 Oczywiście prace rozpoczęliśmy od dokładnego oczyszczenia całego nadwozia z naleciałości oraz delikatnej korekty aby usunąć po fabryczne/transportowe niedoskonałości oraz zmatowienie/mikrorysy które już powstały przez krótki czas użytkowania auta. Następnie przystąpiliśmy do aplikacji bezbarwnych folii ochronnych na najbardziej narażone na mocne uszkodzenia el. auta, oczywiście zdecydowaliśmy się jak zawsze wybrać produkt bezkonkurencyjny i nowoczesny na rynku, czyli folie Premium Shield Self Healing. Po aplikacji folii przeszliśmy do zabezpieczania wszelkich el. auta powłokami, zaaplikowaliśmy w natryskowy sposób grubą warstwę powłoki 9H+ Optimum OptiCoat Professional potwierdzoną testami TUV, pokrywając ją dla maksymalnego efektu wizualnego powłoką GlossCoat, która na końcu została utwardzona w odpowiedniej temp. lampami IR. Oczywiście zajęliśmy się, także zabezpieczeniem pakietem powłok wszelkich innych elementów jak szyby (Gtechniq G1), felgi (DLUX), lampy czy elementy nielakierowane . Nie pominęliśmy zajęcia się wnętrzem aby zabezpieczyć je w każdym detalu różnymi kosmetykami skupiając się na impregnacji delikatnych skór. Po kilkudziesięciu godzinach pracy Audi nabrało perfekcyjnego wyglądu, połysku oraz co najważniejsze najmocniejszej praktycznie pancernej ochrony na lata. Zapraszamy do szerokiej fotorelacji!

########################################

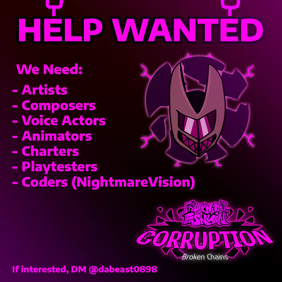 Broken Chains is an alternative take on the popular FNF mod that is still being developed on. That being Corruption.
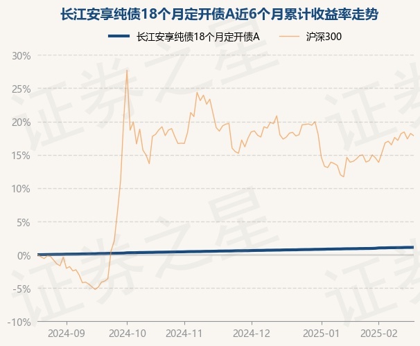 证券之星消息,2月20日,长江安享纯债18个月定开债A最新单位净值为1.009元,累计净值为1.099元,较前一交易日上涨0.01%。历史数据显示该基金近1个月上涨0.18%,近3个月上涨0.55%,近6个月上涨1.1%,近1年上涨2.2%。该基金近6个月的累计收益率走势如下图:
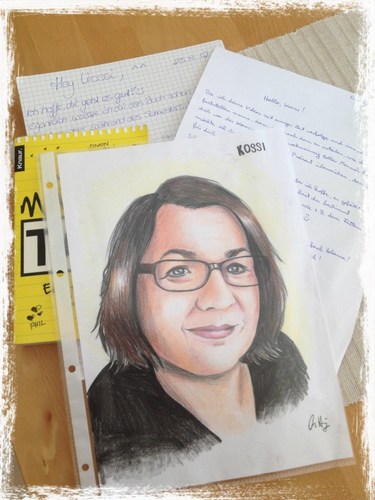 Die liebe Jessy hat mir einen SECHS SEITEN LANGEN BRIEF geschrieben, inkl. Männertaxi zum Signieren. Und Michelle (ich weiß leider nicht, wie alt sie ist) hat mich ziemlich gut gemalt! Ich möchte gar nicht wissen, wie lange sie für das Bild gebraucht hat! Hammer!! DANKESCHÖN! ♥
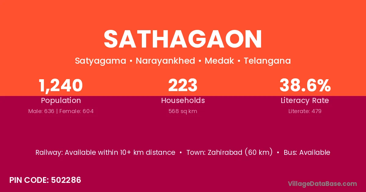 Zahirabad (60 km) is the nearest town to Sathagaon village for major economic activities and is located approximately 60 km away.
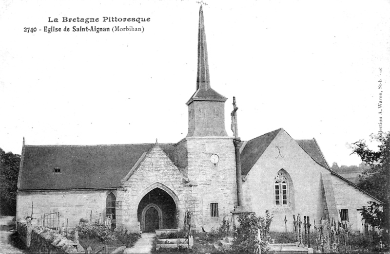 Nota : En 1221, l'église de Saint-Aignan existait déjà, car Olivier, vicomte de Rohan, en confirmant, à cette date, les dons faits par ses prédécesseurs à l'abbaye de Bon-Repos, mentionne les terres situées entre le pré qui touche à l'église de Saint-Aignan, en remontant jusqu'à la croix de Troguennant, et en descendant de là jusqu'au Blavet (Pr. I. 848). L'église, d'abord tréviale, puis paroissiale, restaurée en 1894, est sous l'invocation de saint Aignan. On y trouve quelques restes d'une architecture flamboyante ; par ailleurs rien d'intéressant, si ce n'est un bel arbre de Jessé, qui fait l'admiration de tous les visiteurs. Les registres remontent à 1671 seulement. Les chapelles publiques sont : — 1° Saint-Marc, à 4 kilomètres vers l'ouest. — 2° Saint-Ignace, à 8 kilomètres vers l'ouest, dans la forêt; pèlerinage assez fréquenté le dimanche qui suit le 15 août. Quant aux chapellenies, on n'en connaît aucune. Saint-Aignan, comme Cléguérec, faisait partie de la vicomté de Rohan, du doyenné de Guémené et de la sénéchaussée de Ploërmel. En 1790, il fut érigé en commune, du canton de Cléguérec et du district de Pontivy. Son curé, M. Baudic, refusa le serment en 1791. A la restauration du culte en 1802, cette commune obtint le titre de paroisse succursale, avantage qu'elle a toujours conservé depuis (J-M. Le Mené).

########################################

EXERCISE OBJECTIVE
Given the listing above, retype only the span of lines from the line with "证券之星消息,2月20日,长" up to and including the line with "Die liebe Jessy", exactly as it stands and without pictures.

ANSWER
 证券之星消息,2月20日,长江安享纯债18个月定开债A最新单位净值为1.009元,累计净值为1.099元,较前一交易日上涨0.01%。历史数据显示该基金近1个月上涨0.18%,近3个月上涨0.55%,近6个月上涨1.1%,近1年上涨2.2%。该基金近6个月的累计收益率走势如下图:
 Die liebe Jessy hat mir einen SECHS SEITEN LANGEN BRIEF geschrieben, inkl. Männertaxi zum Signieren. Und Michelle (ich weiß leider nicht, wie alt sie ist) hat mich ziemlich gut gemalt! Ich möchte gar nicht wissen, wie lange sie für das Bild gebraucht hat! Hammer!! DANKESCHÖN! ♥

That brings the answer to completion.